(Source data begins)

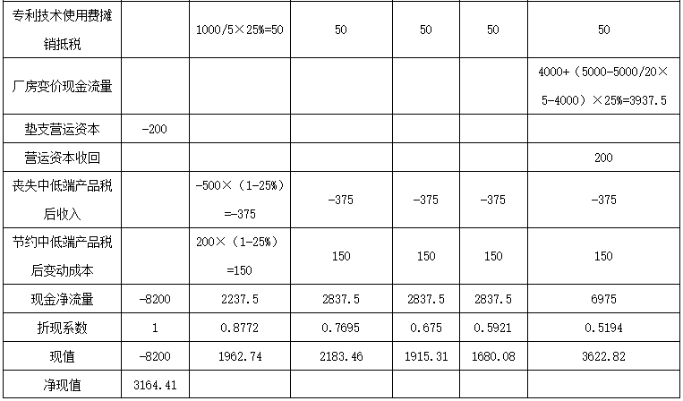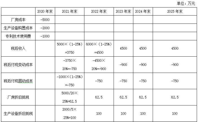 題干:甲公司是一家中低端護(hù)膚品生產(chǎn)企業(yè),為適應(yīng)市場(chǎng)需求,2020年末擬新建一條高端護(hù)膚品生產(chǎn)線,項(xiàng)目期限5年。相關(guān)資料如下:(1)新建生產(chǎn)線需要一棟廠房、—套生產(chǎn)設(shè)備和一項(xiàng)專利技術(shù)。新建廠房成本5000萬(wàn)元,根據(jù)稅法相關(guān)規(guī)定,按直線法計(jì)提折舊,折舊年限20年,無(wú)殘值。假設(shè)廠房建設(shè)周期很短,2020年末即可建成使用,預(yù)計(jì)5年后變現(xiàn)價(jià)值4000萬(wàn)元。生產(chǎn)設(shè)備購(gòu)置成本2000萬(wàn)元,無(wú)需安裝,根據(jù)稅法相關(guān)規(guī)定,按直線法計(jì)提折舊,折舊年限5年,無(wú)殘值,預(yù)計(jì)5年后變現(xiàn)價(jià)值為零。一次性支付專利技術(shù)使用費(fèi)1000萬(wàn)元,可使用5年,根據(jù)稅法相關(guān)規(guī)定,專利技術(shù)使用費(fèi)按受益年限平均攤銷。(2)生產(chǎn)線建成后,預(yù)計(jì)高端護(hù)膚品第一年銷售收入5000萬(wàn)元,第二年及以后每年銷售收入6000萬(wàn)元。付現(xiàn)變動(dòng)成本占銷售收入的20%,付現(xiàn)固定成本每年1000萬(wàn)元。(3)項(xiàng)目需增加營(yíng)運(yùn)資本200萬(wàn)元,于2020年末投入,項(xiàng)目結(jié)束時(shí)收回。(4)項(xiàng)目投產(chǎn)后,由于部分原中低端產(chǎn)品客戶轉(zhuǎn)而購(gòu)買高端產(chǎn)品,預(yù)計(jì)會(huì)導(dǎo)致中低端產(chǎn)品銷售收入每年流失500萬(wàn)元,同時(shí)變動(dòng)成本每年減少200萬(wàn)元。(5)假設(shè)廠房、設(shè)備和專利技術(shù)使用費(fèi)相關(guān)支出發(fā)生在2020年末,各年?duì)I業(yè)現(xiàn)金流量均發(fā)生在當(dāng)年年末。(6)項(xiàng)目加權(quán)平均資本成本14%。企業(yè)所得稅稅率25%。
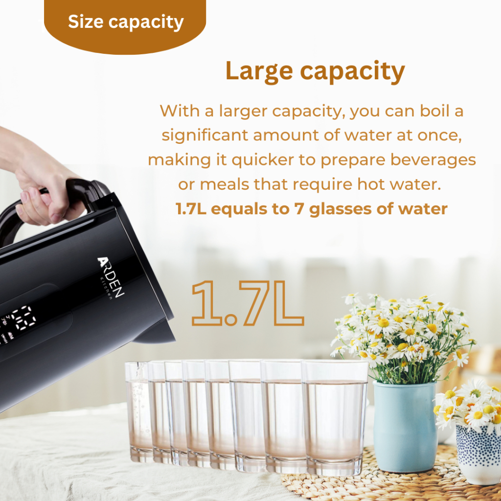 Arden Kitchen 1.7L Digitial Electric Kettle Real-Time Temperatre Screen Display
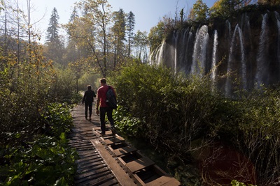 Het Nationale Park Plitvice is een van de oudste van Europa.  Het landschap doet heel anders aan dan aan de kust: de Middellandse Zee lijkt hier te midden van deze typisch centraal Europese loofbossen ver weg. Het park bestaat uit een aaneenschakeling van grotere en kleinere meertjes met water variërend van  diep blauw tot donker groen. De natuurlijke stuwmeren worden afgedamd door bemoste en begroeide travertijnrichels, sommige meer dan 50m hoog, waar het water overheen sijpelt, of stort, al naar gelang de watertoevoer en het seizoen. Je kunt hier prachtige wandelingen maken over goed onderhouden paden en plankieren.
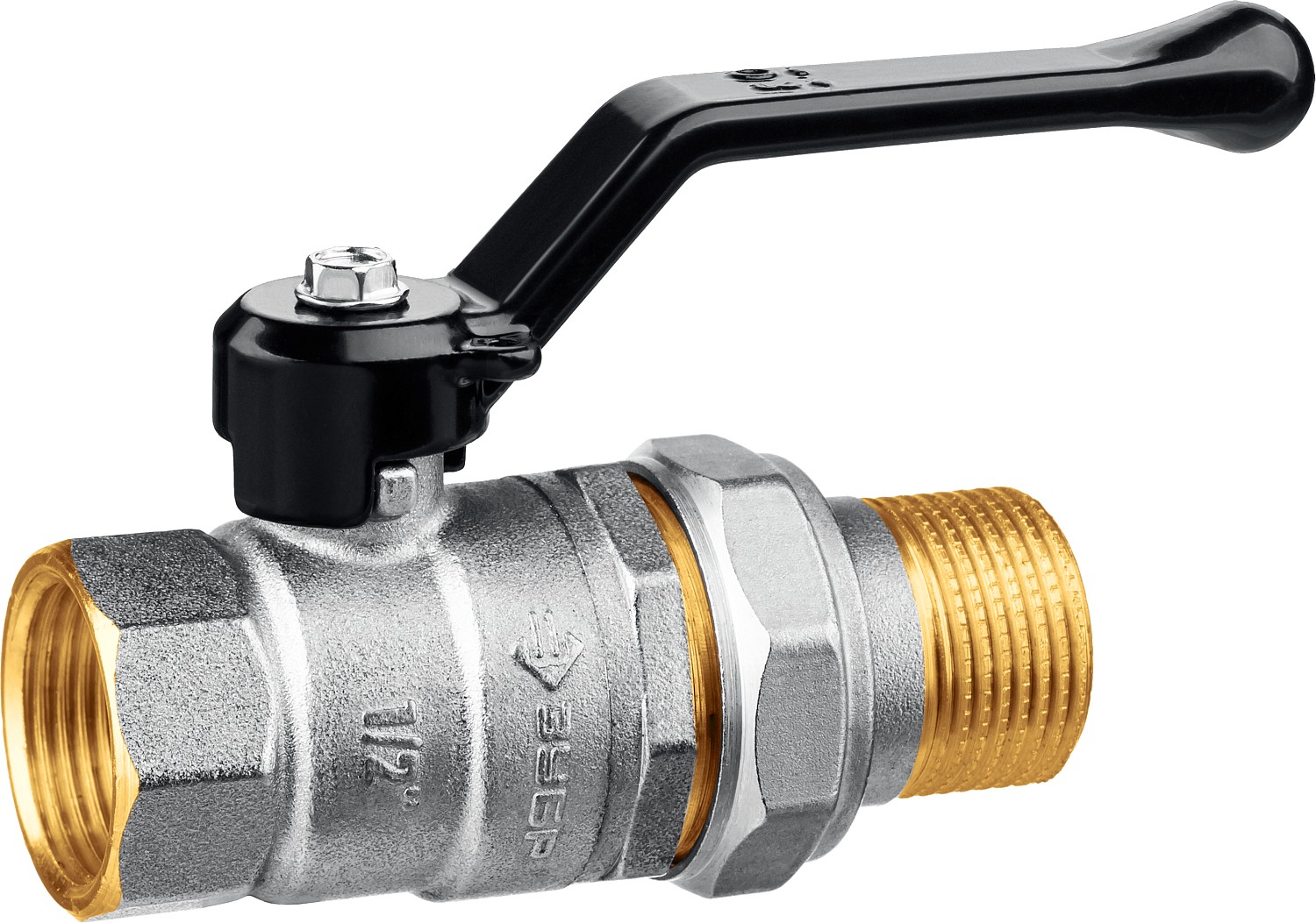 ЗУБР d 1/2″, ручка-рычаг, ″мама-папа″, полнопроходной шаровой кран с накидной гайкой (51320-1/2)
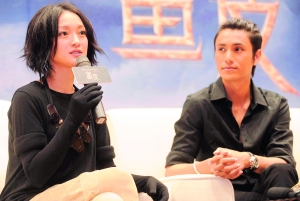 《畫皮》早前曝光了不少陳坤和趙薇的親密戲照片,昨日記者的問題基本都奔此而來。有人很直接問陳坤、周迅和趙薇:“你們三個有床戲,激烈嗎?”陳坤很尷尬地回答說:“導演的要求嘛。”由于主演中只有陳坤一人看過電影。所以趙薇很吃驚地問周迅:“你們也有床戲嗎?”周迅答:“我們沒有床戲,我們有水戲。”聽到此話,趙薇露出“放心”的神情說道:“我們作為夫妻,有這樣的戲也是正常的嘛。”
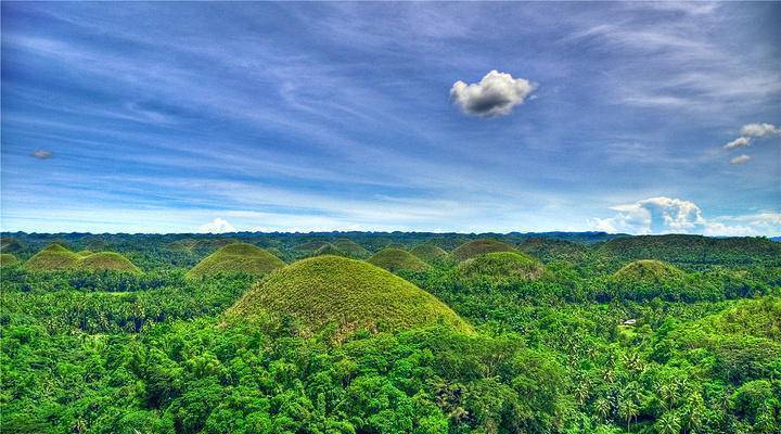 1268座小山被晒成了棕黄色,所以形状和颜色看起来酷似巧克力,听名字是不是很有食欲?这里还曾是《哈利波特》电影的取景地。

(Source data ends)
(Source data begins)

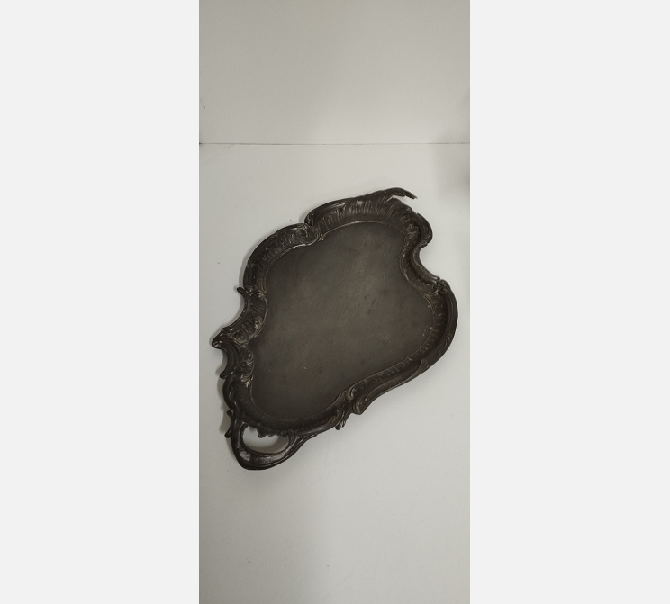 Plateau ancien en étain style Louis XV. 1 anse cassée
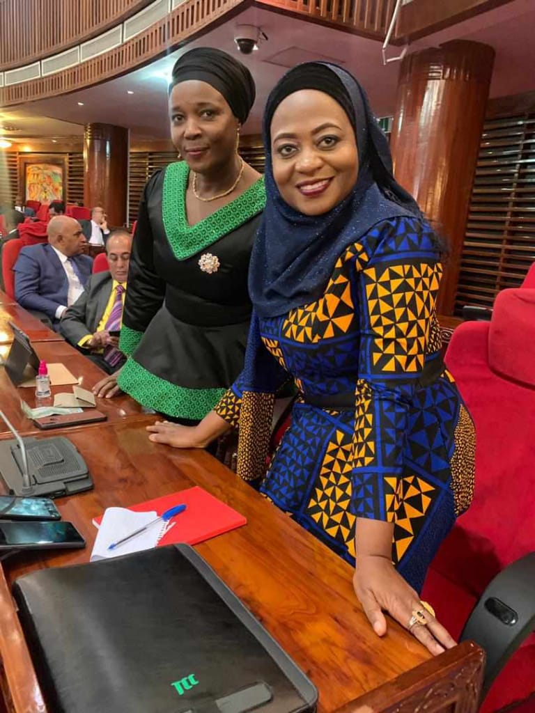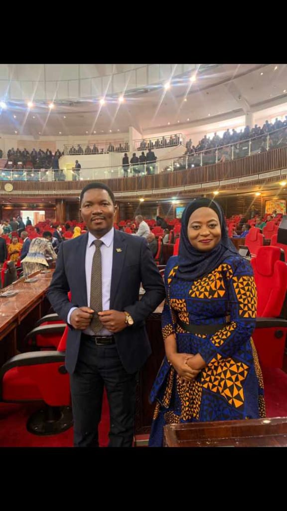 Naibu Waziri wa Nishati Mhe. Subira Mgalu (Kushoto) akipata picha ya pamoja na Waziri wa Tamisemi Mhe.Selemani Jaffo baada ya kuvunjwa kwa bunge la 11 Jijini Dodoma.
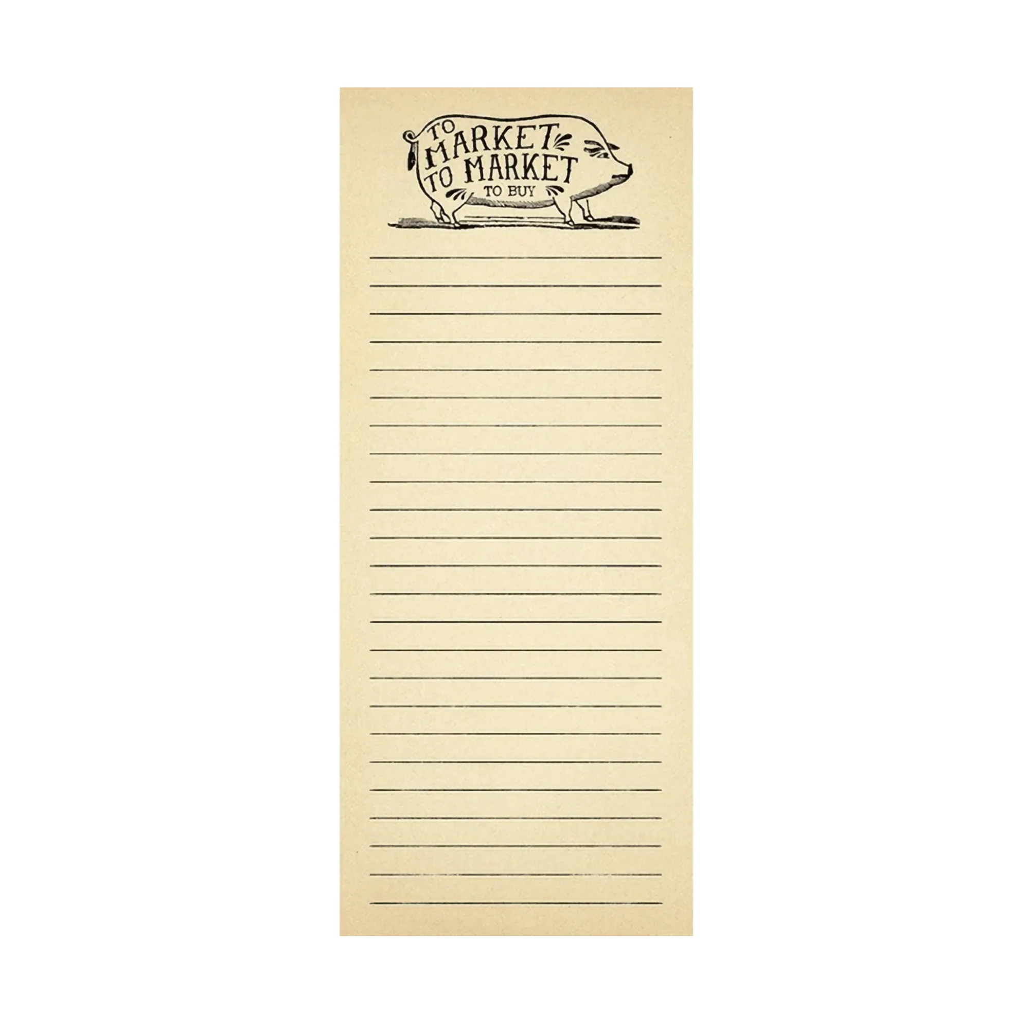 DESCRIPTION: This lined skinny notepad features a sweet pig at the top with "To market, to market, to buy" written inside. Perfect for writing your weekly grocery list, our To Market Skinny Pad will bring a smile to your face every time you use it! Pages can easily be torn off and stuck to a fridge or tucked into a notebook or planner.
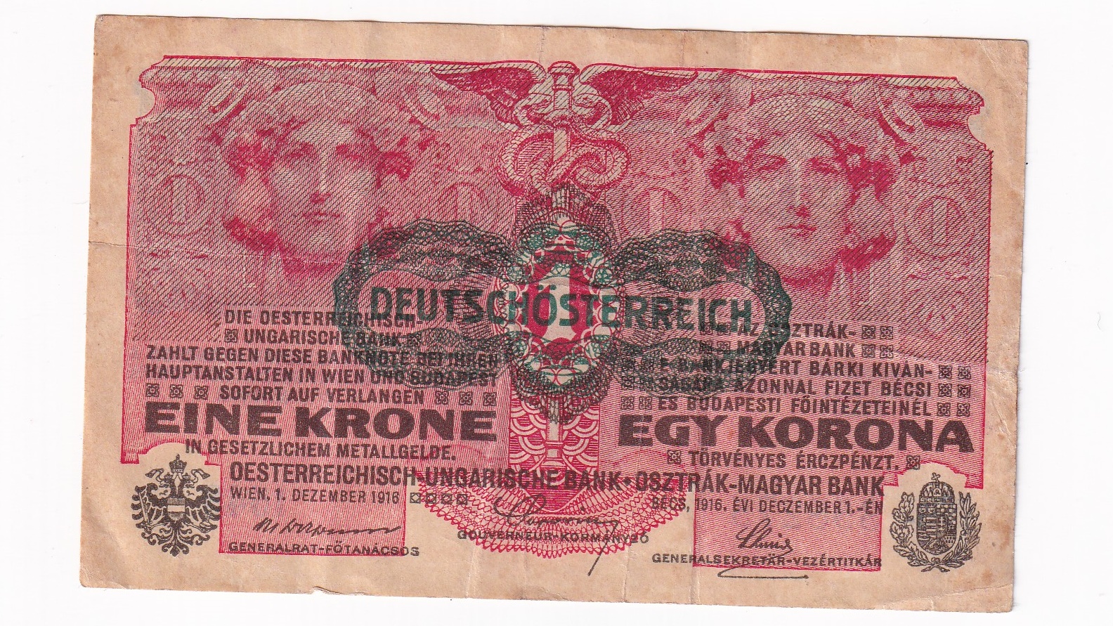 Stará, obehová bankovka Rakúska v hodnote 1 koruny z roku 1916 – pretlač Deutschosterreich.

(Source data ends)
(Source data begins)

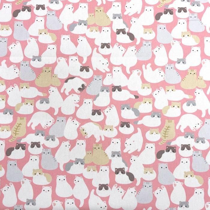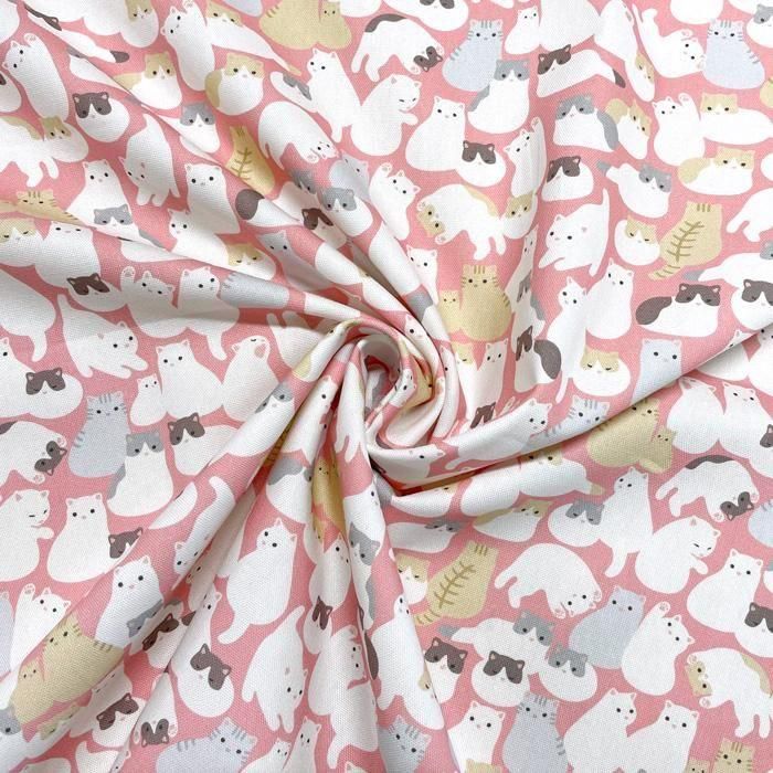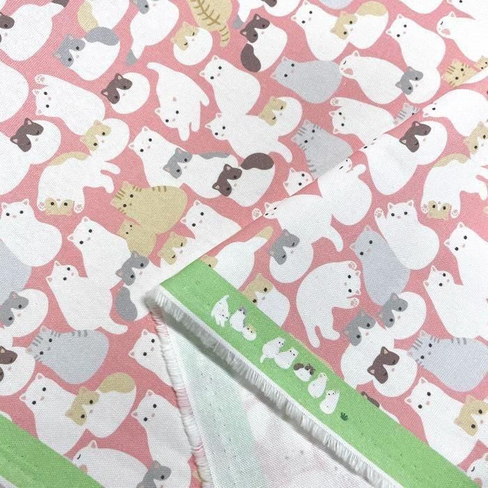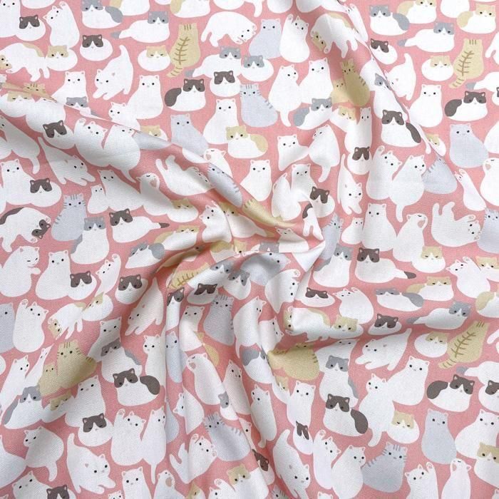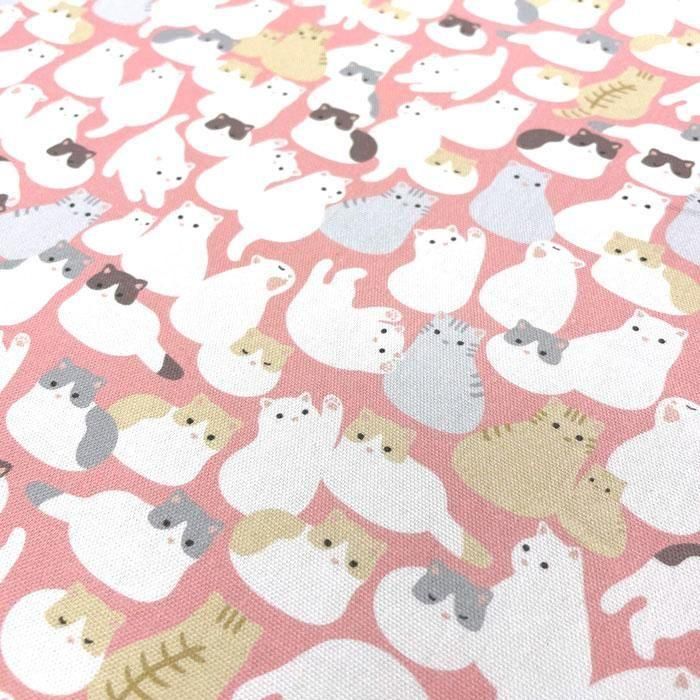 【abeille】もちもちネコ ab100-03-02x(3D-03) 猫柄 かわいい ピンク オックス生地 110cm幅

(Source data ends)

**Work request:** Transcribe, from the material above, the stretch starting at the line with "Arden Kitchen 1.7L" and ending at the line with "1268座小山被晒成了棕黄色", both included, exactly. Do not carry over pictures.

**Result for this exercise:**
 Arden Kitchen 1.7L Digitial Electric Kettle Real-Time Temperatre Screen Display
 Het Nationale Park Plitvice is een van de oudste van Europa.  Het landschap doet heel anders aan dan aan de kust: de Middellandse Zee lijkt hier te midden van deze typisch centraal Europese loofbossen ver weg. Het park bestaat uit een aaneenschakeling van grotere en kleinere meertjes met water variërend van  diep blauw tot donker groen. De natuurlijke stuwmeren worden afgedamd door bemoste en begroeide travertijnrichels, sommige meer dan 50m hoog, waar het water overheen sijpelt, of stort, al naar gelang de watertoevoer en het seizoen. Je kunt hier prachtige wandelingen maken over goed onderhouden paden en plankieren.
 ЗУБР d 1/2″, ручка-рычаг, ″мама-папа″, полнопроходной шаровой кран с накидной гайкой (51320-1/2)
 《畫皮》早前曝光了不少陳坤和趙薇的親密戲照片,昨日記者的問題基本都奔此而來。有人很直接問陳坤、周迅和趙薇:“你們三個有床戲,激烈嗎?”陳坤很尷尬地回答說:“導演的要求嘛。”由于主演中只有陳坤一人看過電影。所以趙薇很吃驚地問周迅:“你們也有床戲嗎?”周迅答:“我們沒有床戲,我們有水戲。”聽到此話,趙薇露出“放心”的神情說道:“我們作為夫妻,有這樣的戲也是正常的嘛。”
 1268座小山被晒成了棕黄色,所以形状和颜色看起来酷似巧克力,听名字是不是很有食欲?这里还曾是《哈利波特》电影的取景地。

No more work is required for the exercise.